The traditional business for FPGAs in storage and networking will continue to get a boost from new approaches, including NVME drives over Ethernet fabric and innovations in terms of the storage memory hierarchy. Gone are the days when simple DDR-based DIMMS are main memory pushed with hard drives for storage, so with SSD and non-volatile memory computing closer to the compute side, there are more segments of the network, storage, and compute side that can work in harmony with FPGA acceleration.
In other words, it’s finally a good time to be in the FPGA business. Whereas before, the technology was isolated to the lower level, in part because of the programmatic complexity and limited use cases outside of storage and networking, new workload demands are driving new ideas for use. And while indeed, having Intel acquire a rival at an enormous sum and promise big things with that IP in the years to come is daunting, Dhulla says it has been remarkably good for Xilinx in that it brought a new wealth of attention to FPGAs and the future place in the datacenter.
It will be interesting to see what, if any, traction FPGAs get in the supercomputing world. Here at SC15 this year, there are some sessions we’ll be reporting from and vendors like Ryft and others showcasing FPGA-laden boards to target specific workloads. The other “time will tell” note here is how a limited set of vendors on the FPGA and GPU side will weave a story around their respective performance, use cases, and most important, performance per watt for varied workloads. Over the next couple of years too, especially once Intel clarifies its path through the integrated FPGA woods, this will heat up—again, leaving few options technology and vendor-wise for what looks to be a vibrant future set of markets.

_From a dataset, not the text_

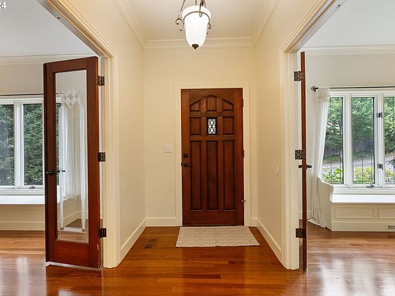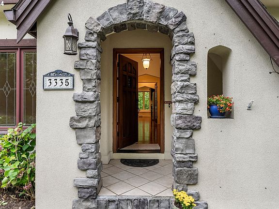 Located on a quiet, flat dead-end street in Forest Heights, this custom Tudor-style home offers a peaceful retreat while being just minutes from the award-winning Forest Park Elementary School. Crafted with attention to detail, the home features custom doors and Tudor-inspired finishes throughout.The versatile floor plan includes a spacious bonus room, ideal for an office, playroom, or media space. Recent updates in 2024 include refinished hardwood floors, fresh paint, and new carpeting, giving the home a refreshed, modern feel.Surrounded by a greenbelt on three sides, the property provides exceptional privacy. Step outside to a level, fenced walk-out yard that opens to an expansive private greenspace. The yard features a wraparound deck, stone patio, and a retaining wall, with wisteria draping gracefully along the railings, adding natural beauty to the outdoor space.Inside, large custom windows flood the home with natural light. The kitchen is equipped with updated countertops, and the living area is centered around a marbled fireplace, creating a cozy focal point.Blending classic Tudor architecture with modern updates and a private, nature-filled setting, this home offers a rare combination of comfort, privacy, and convenience. [Home Energy Score = 5. HES Report at https://rpt.greenbuildingregistry.com/hes/OR10233094]

On that note too, the Intel acquisition brings a whole new set of skills to bear for Intel’s software and silicon-driven teams. But on the Xilnix side, there are also some changes that reflect, rather artfully, how they are seeing the market grow for compute as the future dominant source of FPGA revenue. Dhulla himself spent 15 years in the datacenter group at Intel working on the cloud and low-processing fronts and Xilinx’s public face on the technical marketing side is now Andrew Walsh, who spent a long career at GPU maker, Nvidia. While one might not have expected GPU and FPGA makers to square off just a few years ago, the point is, like Intel, Xilinx is beefing up its strategy for FPGA accelerated compute by pulling from around the accelerated computing industry in all of its forms. Its partnership now with the OpenPower Foundation is a big step for both IBM and Xilinx in that it sets the stage for how that processor ecosystem for accelerated computing will shake out. Interesting times, indeed.